Multiple Regression and Likert Scale Data

With multiple regression, is it necessary to recode independent variables that are measured using Likert Scale responses into dummy variables (with values of 1 or 0)?

Background: I am testing hypotheses concerning consumer purchasing patterns. A survey was used to collect the necessary data for the various independent variables. The questions and subsequently the data collected is structured according to five point Likert Scale responses (eg. (1) no importance to (5) utmost importance; e.g. (1) strongly agree to (5) strongly disagree).

Sample Data:

Dependent Variable: Have you purchased products from ACME retailer?
Possible responses: (1) yes, (0) no

There are several independent variables, this is a sample of just one: PRICE.
Survey question: How important was price in your purchase consideration? Possible responses:
(1) no importance
(2) little importance
(3) moderate importance
(4) great importance
(5) utmost importance

If it is necessary to recode using dummy variables, it is my understanding that 4 dummy variables are needed, with one reference category.

Dummy 1: no importance=1, otherwise=0
Dummy 2: little importance=1, otherwise=0
Dummy 3: moderate importance=1, otherwise=0
Dummy 4: great importance=1, otherwise=0

With SPSS (version 16), can this be done by clicking “transform”, “recode into new variable” and then creating the above dummy variables?
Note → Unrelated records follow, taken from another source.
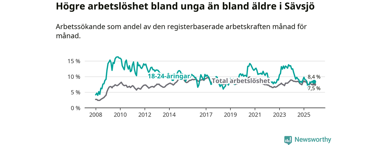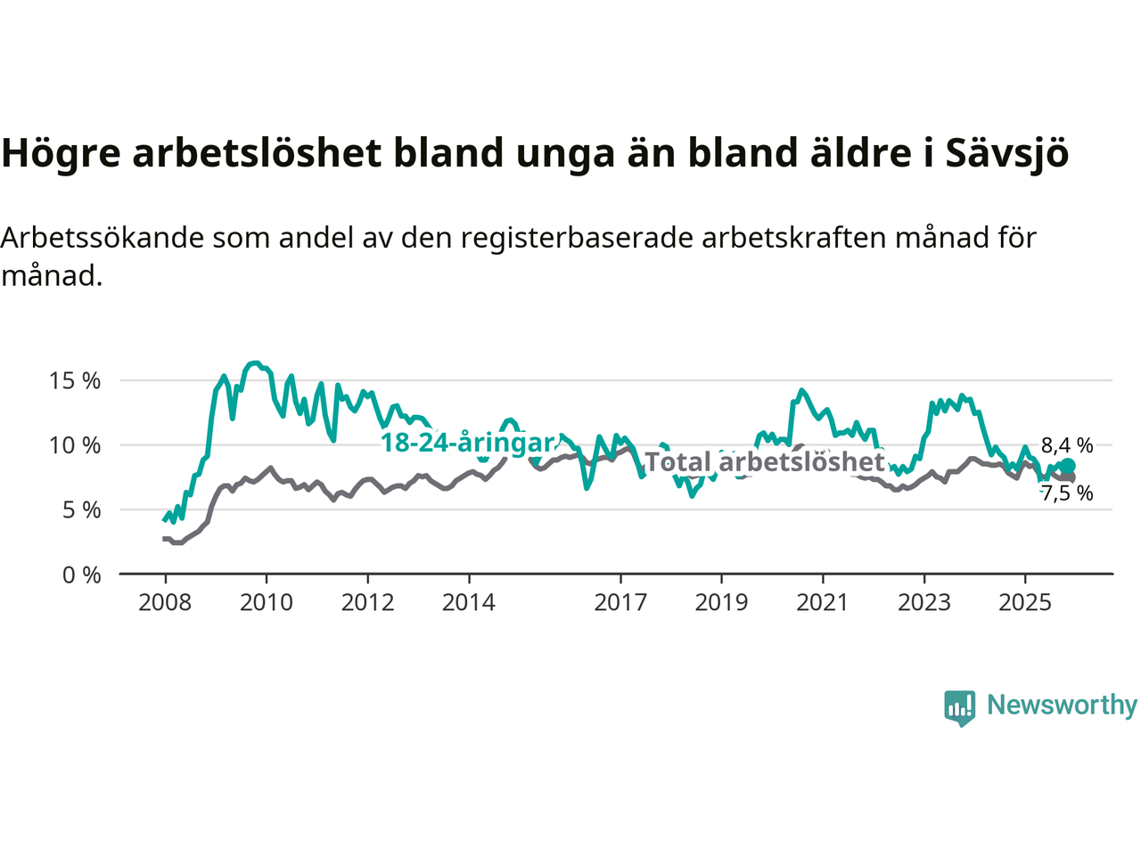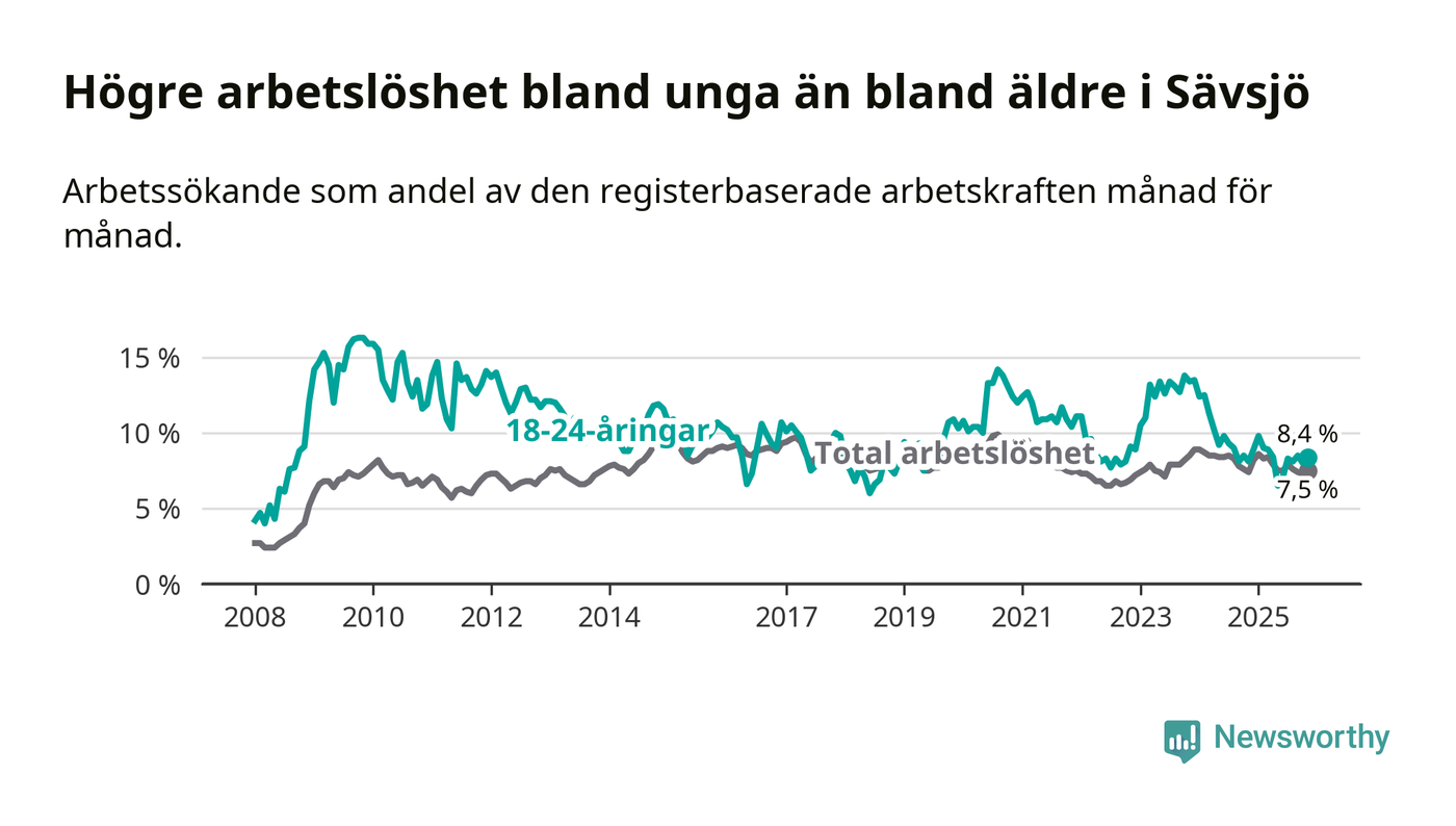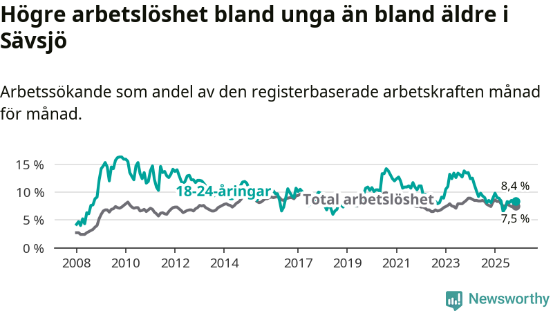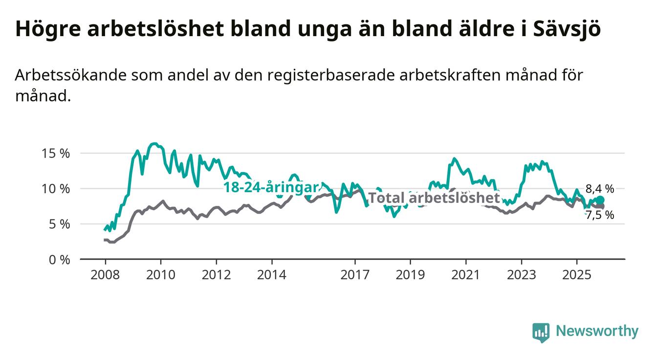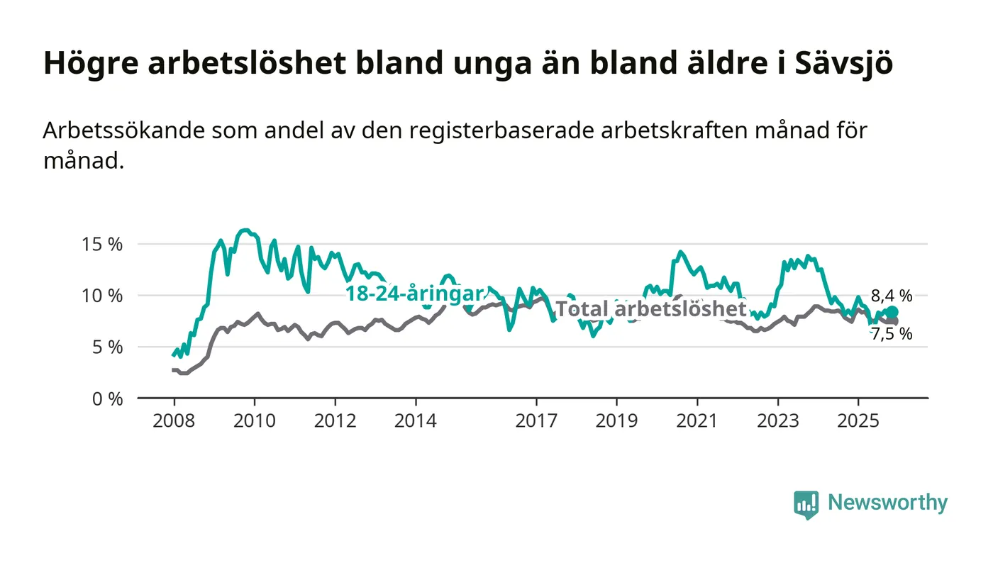 Precis som den totala arbetslösheten ligger ungdomsarbetslösheten i Sävsjö högre än i Jönköpings län som helhet. Skillnaden mellan kommunen och länet är 1,7 procentenheter.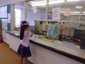 図書委員会の児童が貸し出しをしています。 みんなで楽しく本を読んでいます。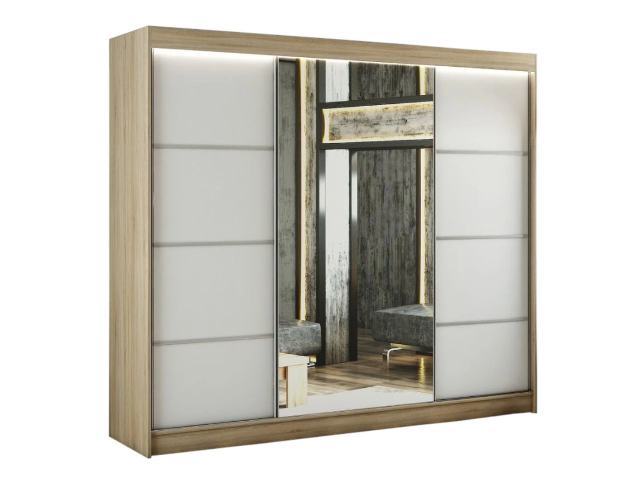 Schiebetürenschrank mit Spiegel 250 cm mit LED-Beleuchtung Portel Weiß, Eiche Sonoma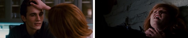 MJ runs to a mortally wounded Harry and cradles his head in her hands. She offers to go get help, but he begs her to stay with him because he doesn’t want to be alone as he dies.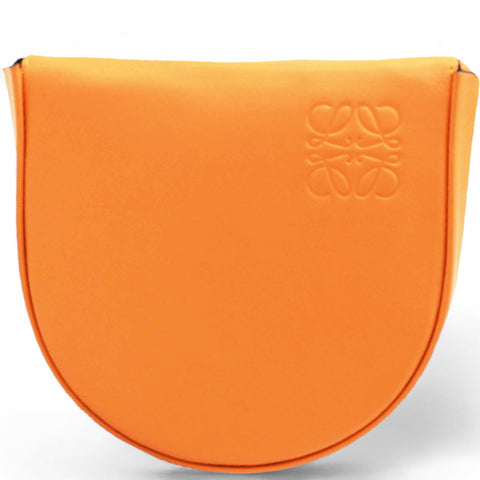 | This chic crossbody is crafted of smooth calfskin leather in light orange. The bag features a long strap and a full frontal flap with pull tab. The flap opens up to a light orange leather interior with a small patch pocket like compartment and credit card slots. |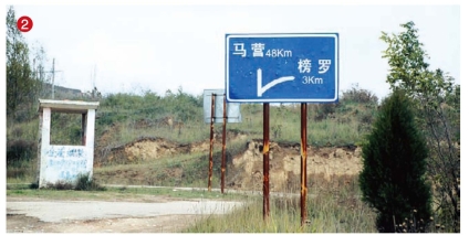 见到直行去马营、右转去榜罗(图示3km)的岔路口(图2),就得右转了。右转后下坡3公里,就进入榜罗镇了。
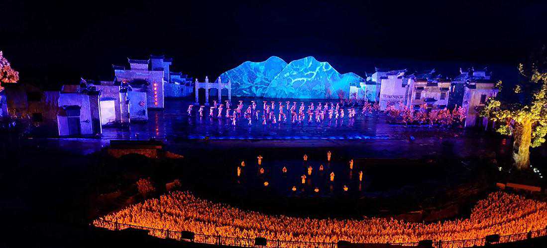 《梦里老家》是江西省卓越的大型山水实景演出,是一台融艺术性、震撼性、民族性于一体的视听盛宴,展现了徽州人的历史和文化,填补了婺源夜间休闲旅游市场的空白。其投影系统设计、安装与调试工作由中清映业集团负责,配备了科视ChristieRoadsterS+22K-J、RoadieHD+35K投影机、CrimsonWU313DLP激光投影机和DWU2022-HS1DLP激光投影机,将文化、艺术和技术完美融合,把高度逼真的画面投映在各种舞台道具上,共同构成主舞台的背景,增强了现场表演的效果和舞美艺术性。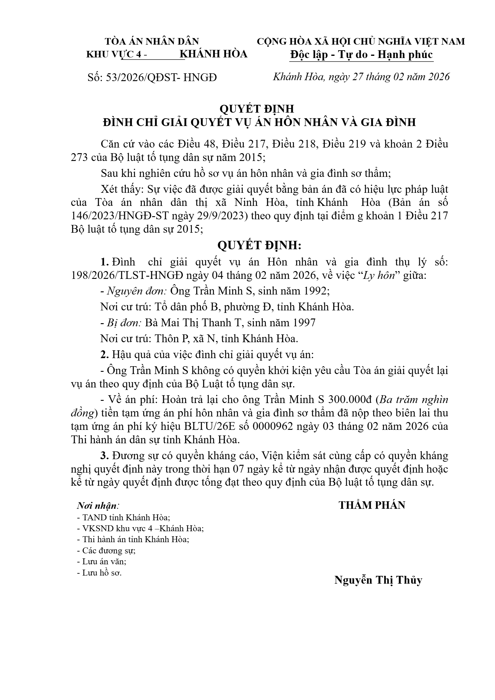 Quyết định số 53/2026/QĐST-HNGĐ ngày 27/02/2026 của Tòa án nhân dân khu vực 4 - Khánh Hòa, tỉnh Khánh Hòa về vụ án ly hôn về mâu thuẫn gia đình
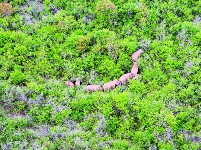 6月22日,无人机在峨山县大龙潭乡附近山林中拍摄的北移象群。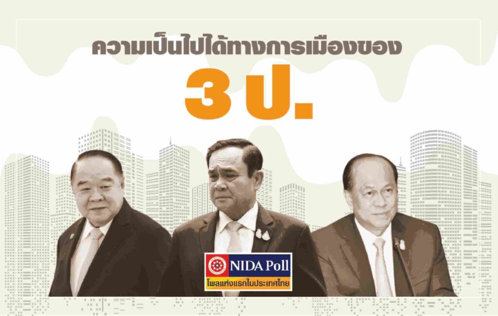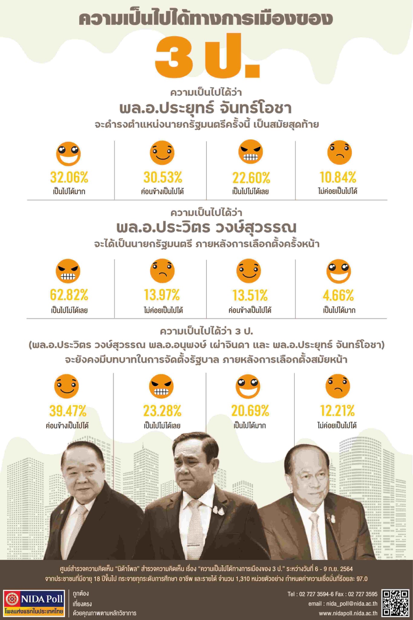 ศูนย์สำรวจความคิดเห็น “นิด้าโพล” สถาบันบัณฑิตพัฒนบริหารศาสตร์ (นิด้า) เปิดเผยผลสำรวจของประชาชน เรื่อง “ความเป็นไปได้ทางการเมืองของ 3 ป.” ทำการสำรวจระหว่างวันที่ 6 – 9 กันยายน 2564 จากประชาชนที่มีอายุ 18 ปีขึ้นไป กระจายทุกภูมิภาค ระดับการศึกษา และอาชีพทั่วประเทศ รวมทั้งสิ้น จำนวน 1,310 หน่วยตัวอย่าง เกี่ยวกับความเป็นไปได้ทางการเมืองของ 3 ป. (พล.อ.ประวิตร วงษ์สุวรรณ พล.อ.อนุพงษ์ เผ่าจินดา และพล.อ.ประยุทธ์ จันทร์โอชา) การสำรวจอาศัยการสุ่มตัวอย่างโดยใช้ความน่าจะเป็นจากบัญชีรายชื่อฐานข้อมูลตัวอย่างหลัก (Master Sample) ของ “นิด้าโพล” สุ่มตัวอย่างด้วยวิธีแบบง่าย (Simple Random Sampling) เก็บข้อมูลด้วยวิธีการสัมภาษณ์ทางโทรศัพท์ โดยกำหนดค่าความเชื่อมั่นที่ร้อยละ 97.0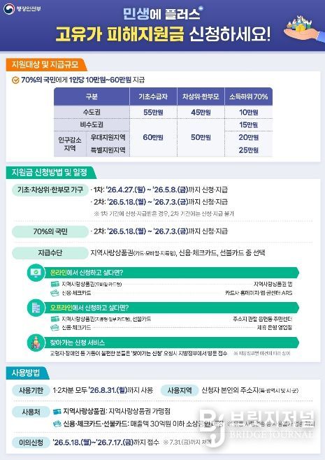 이번 지원금은 급등한 에너지 가격과 물가 상승으로 인해 실질 소득이 감소한 서민 경제를 보호하기 위한 조치로, 국민의 70%를 대상으로 소득 계층별·지역별로 차등 지급될 예정이다.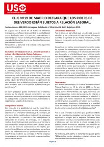 - El TSJ de Madrid declara que hay relación laboral entre los riders de Deliveroo y la empresa.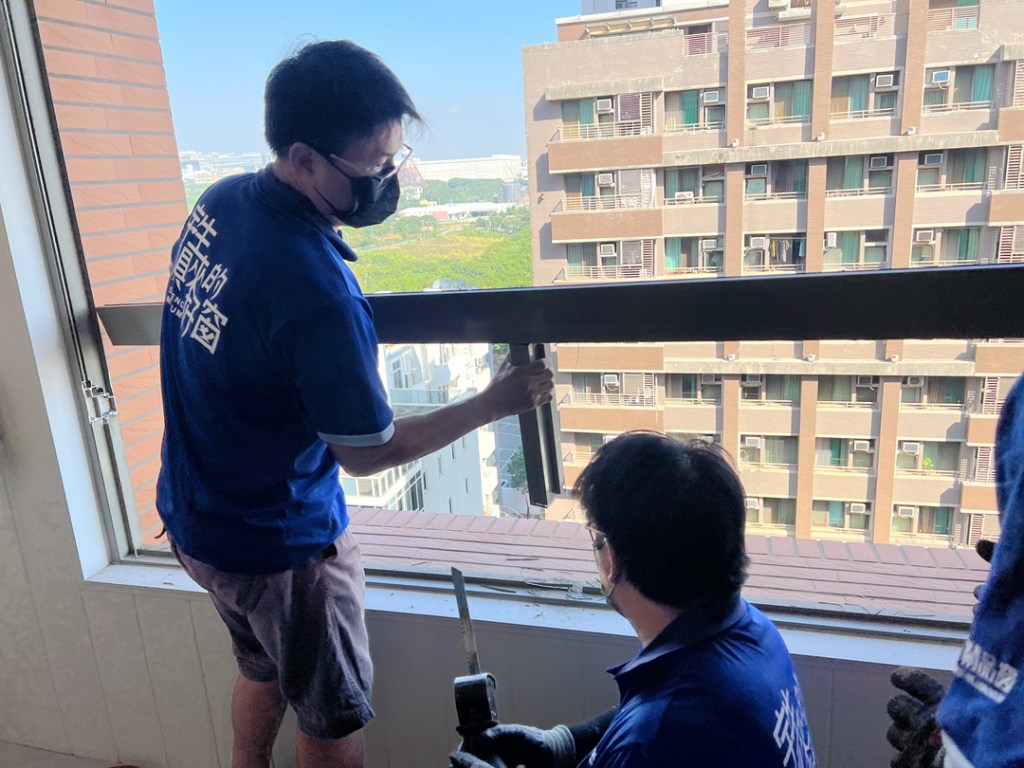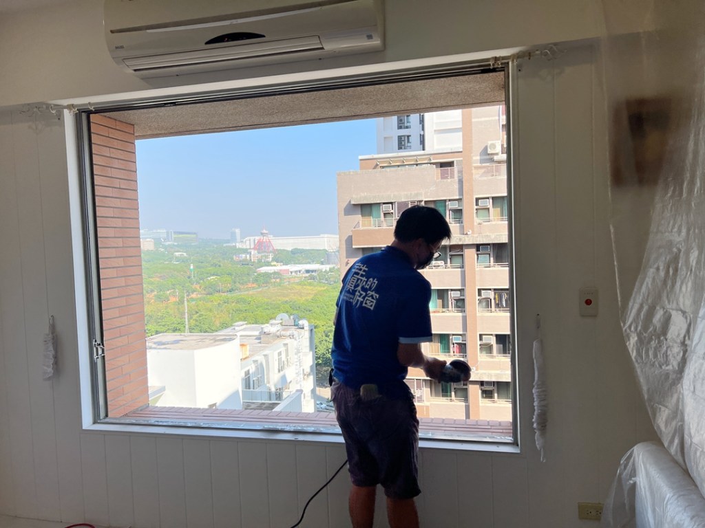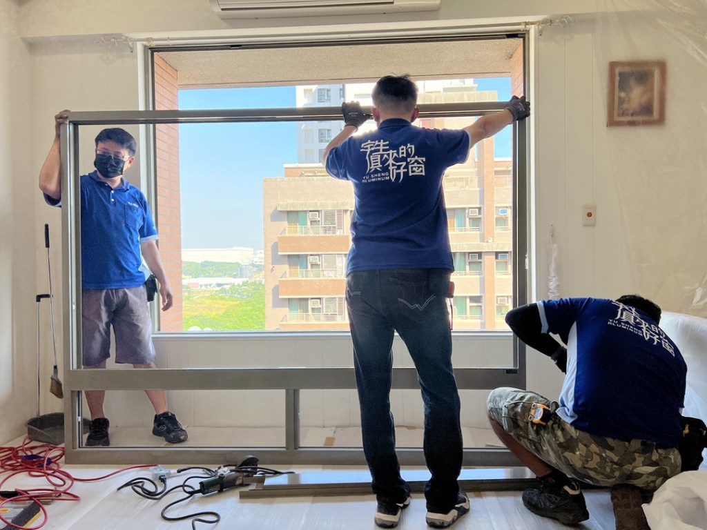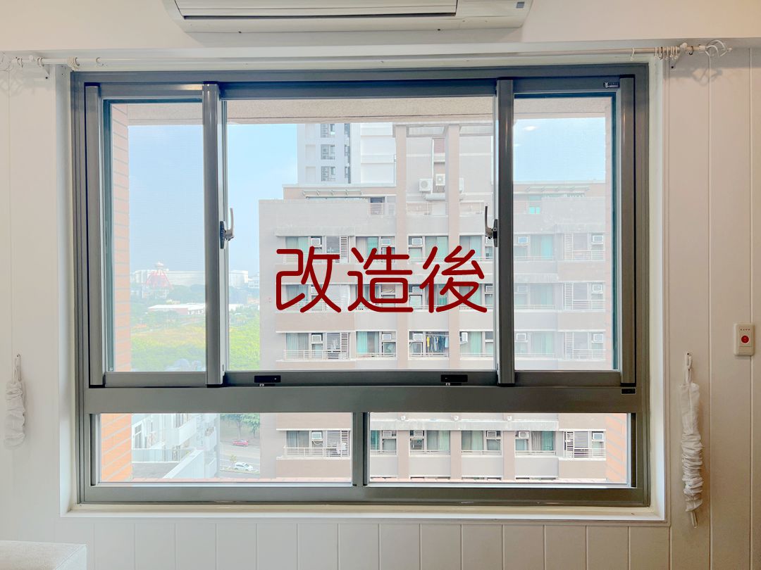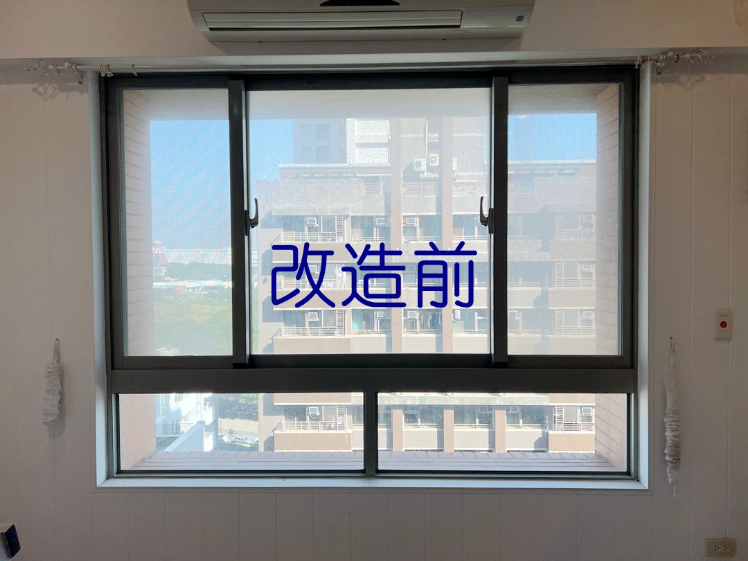 業主三拉景觀氣密窗已老舊,氣密效果不好,希望更換新窗。應管委會規定,新窗仍延續原窗型配制-三拉氣密窗搭配下固定玻璃。氣密窗的玻璃採用5mm+5mm膠合安全玻璃,新的三氣氣密窗的隔音及氣密效果更好,施工僅需半日可完成。

I am pretty confident in running the regression and then interpreting the results, but I am having difficulty in actually coding the data for multiple regression. Any assistance would be greatly appreciated.


TS Contributor
Theoretically you are right, if your independent variable is categorical, you need to use dummy variables. According to your description, your dependent variable is dichotomous, thus you need a Logistic Regression model. If you use SPSS, on the "Binary Logistic" model, you have a button "Categorical". After you enter your variables, you can press on it, and then define which variables are categorical. If you do that, you save the trouble of actually building these dummy variables (although to be honest, when there are not too many of them, I usually prefer doing it manually !).
Your problem arise when you have too many categorical independent variables, each with many categories. If you build dummy's (or let SPSS do it for you), you will end up with 4 variables for each IV. That means that if you have p IV's, you will end up with 4p new IV's. If 4p>n, I think you have a problem. And even if not, the more variables you'll have, the harder it will be to get meaningful results. I suggest that you try to transform your scale from a 5 options scale to a 3 options scale.
I'll be happy to hear other opinions, this is an important issue I think...
Hi. With regard to the number of independents, a rule of thumb, if I am not mistaken, is to have at least 20 cases per independent. This is the effective sample size per independent variable, meaning that it concerns at least 20 cases in the smallest category of your variable. If you cannot reach this size, it is indeed wise to recode your variable, as WeeG suggested, so that you meet this requirement.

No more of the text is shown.